Estate planning does not have to be overwhelming. Whether you just need guidance or want us to handle everything, we are here to make it easier, more effective, and designed around your life and goals. Let us help you protect what matters most.

06/06/2025

Estate Planning Is for Everyone – Avoid Costly Mistakes

Estate planning is crucial for every taxpayer. Without proper planning, you or your beneficiaries may face unnecessary legal fees, lost deductions, and higher taxes. Here are some common estate planning mistakes to avoid:

• Wills & Probate: A will does not prevent your assets from becoming subject to Probate Court. Probate Court is an expensive and time-consuming process that can significantly delay when your beneficiaries receive their inheritance.

• Trusts: A trust will not avoid costly Probate Court proceedings if your assets are not in the name of your trust.

• Charitable Donations: A charitable donation at death may not provide a tax deduction to your beneficiaries. Gifting to charities prior to death can significantly increase tax savings.
• Capital Losses: Unused capital losses cannot be transferred to your heirs.

• IRAs: Your beneficiaries may pay a higher tax rate on inherited retirement accounts than you did.

Let us help you maximize what your beneficiaries receive. Call us today at 603-224-3224 to schedule a consultation.

Best Regards,
Rodger O. Howells, LLC

11/20/2024

TAX CONSEQUENCES RELATED TO DIVORCE

Significant tax considerations arise during and after a divorce. Amidst the emotional turmoil, understanding the tax consequences of a divorce becomes essential for both parties.

Alimony Payments

Alimony is taxable to the recipient and deductible by the payor if the payments are the result of a divorce or separation agreement executed before January 1, 2019. Alimony payments resulting from divorce or separation agreements executed after December 31, 2018 are not deductible by the payor and are not taxable to the recipient.

The parties to an amended divorce or separation agreement, originally executed before 2019, can elect to use the post 2018 rules that treat alimony as not deductible by the payor and not taxable to the recipient. The amended agreement must state that the parties agree to use the rules applicable to agreements executed after December 31, 2018.

Child Support Payments

Child support payments are not deductible by the payor and are nontaxable to the recipient.
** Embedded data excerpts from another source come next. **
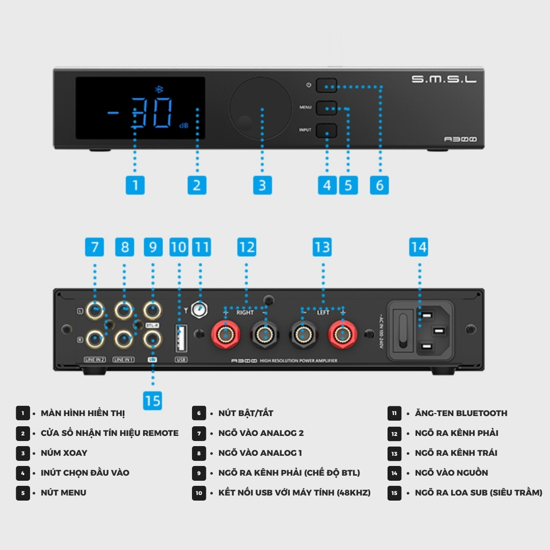 Đầu vào: RCA, Bluetooth, USB (Hỗ trợ 48kHz).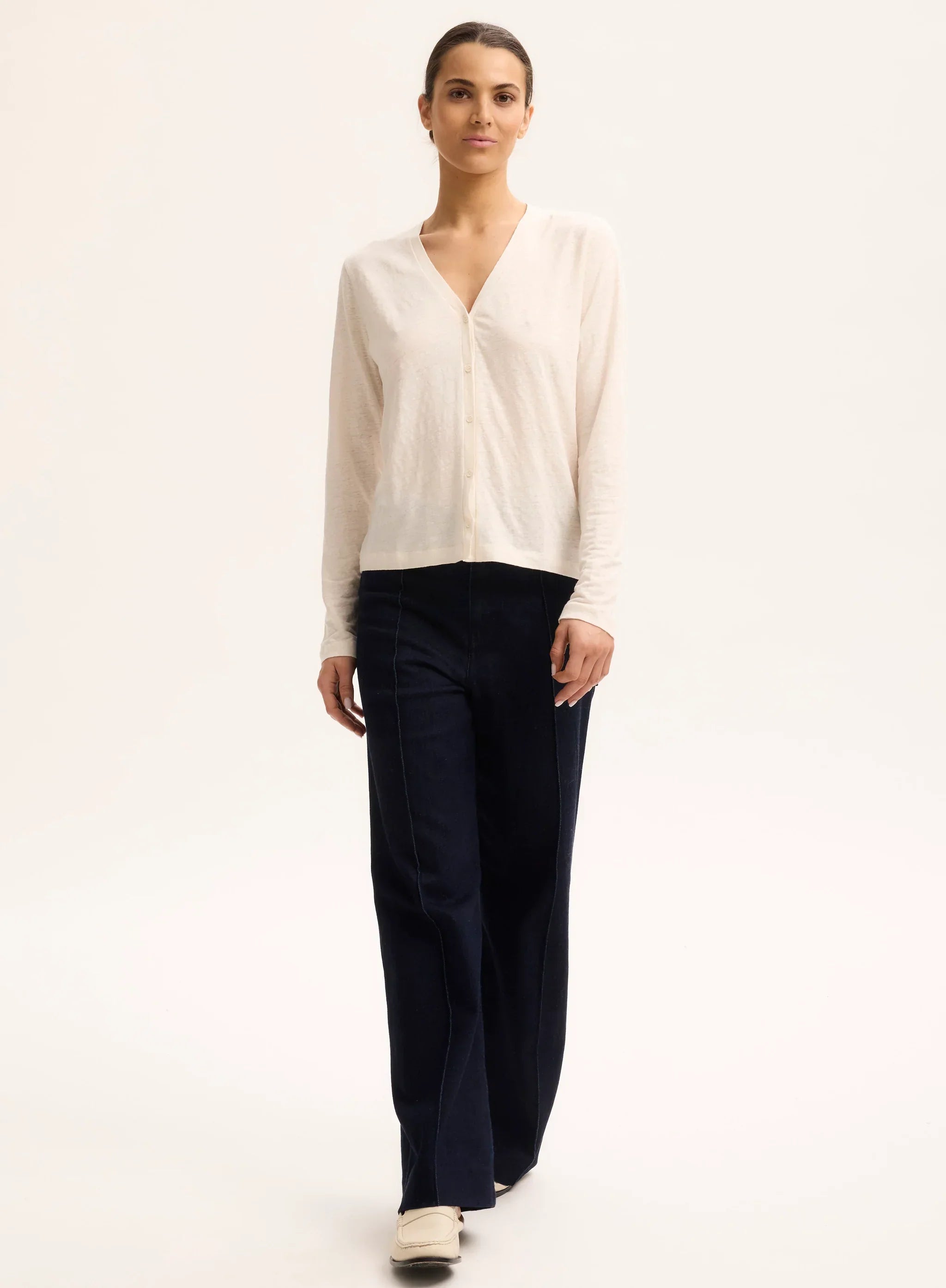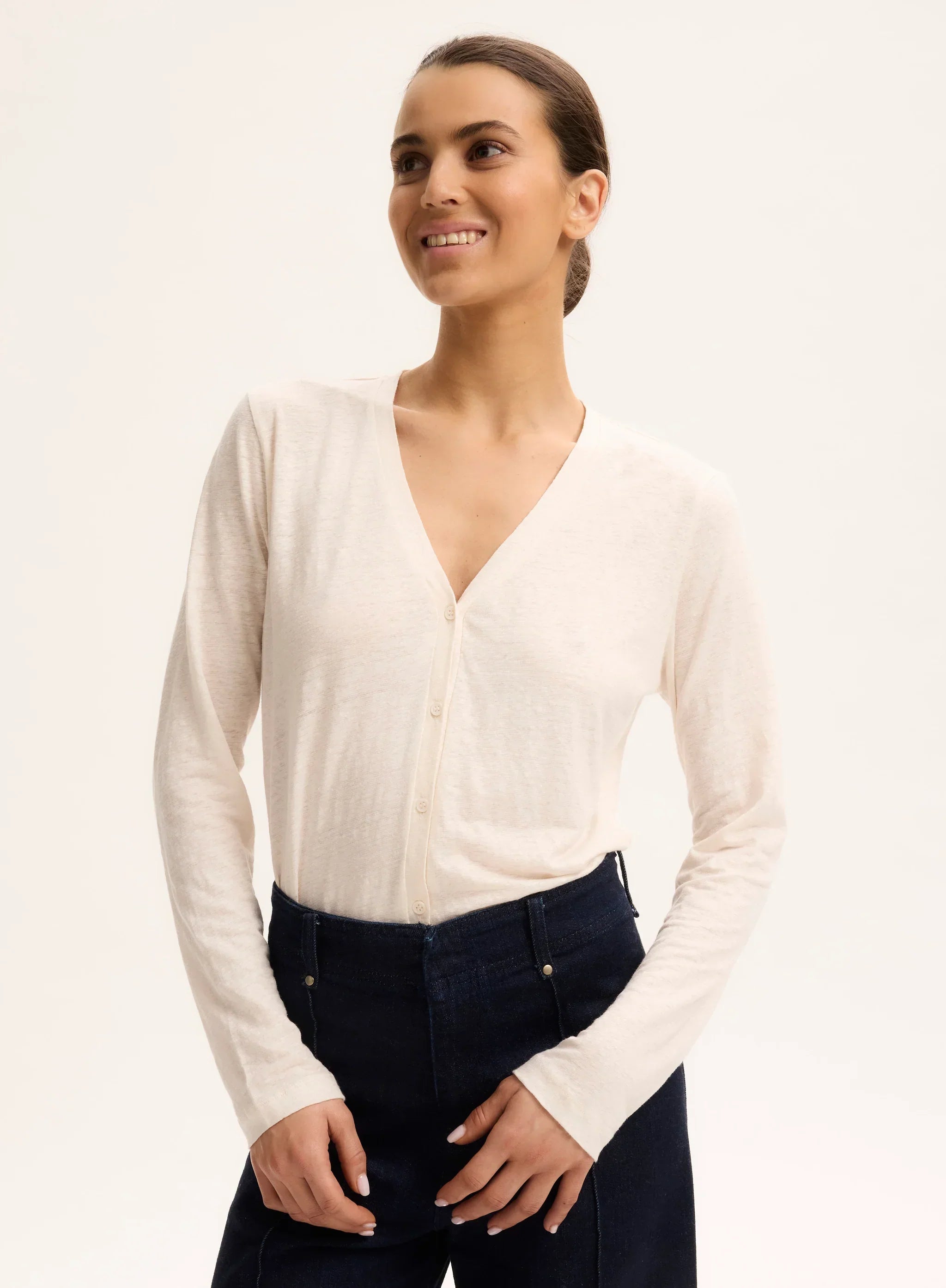 Stretch Linen V-Neck Cardigan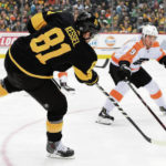 In the outdoor game Feb. 23 in Philadelphia, Jakub Voracek scored on a bad-angle shot with 19.7 seconds to go, and the Flyers won 4-3 in overtime.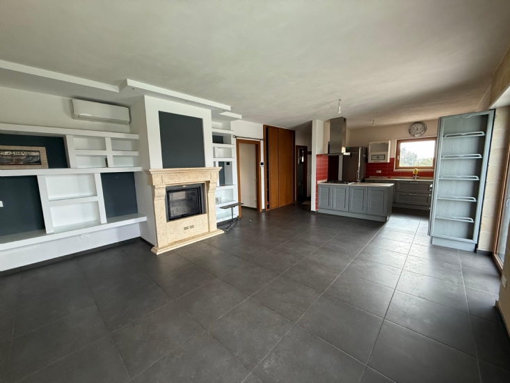 Zona Giorno: Un ampio open-space con camino che unisce il soggiorno alla zona pranzo, perfetto per momenti conviviali.

Generally, payments are considered child support if the payments are designated as child support in the divorce decree or written separation agreement.

Payments are deemed to be child support for tax purposes if the payments end within six months before or after a child reaches the age of 18. The legal terminology used in a divorce decree has no bearing on the automatic re-characterization of alimony as child support payments. The recharacterization of child support payments as alimony only has tax consequences if a divorce or separation agreement was executed before January 1, 2019.

Property Transfers Between Spouses

No gain or loss is recognized when property is transferred between spouses under a divorce or separation agreement or a sale. The non-recognition treatment is required, and a taxpayer cannot elect out of the non-recognition rules.

A carryover basis rule applies to property transfers between spouses while they are married and to transfers occurring incident to a divorce. The basis of property received is the same as the basis in the hands of the transferor spouse.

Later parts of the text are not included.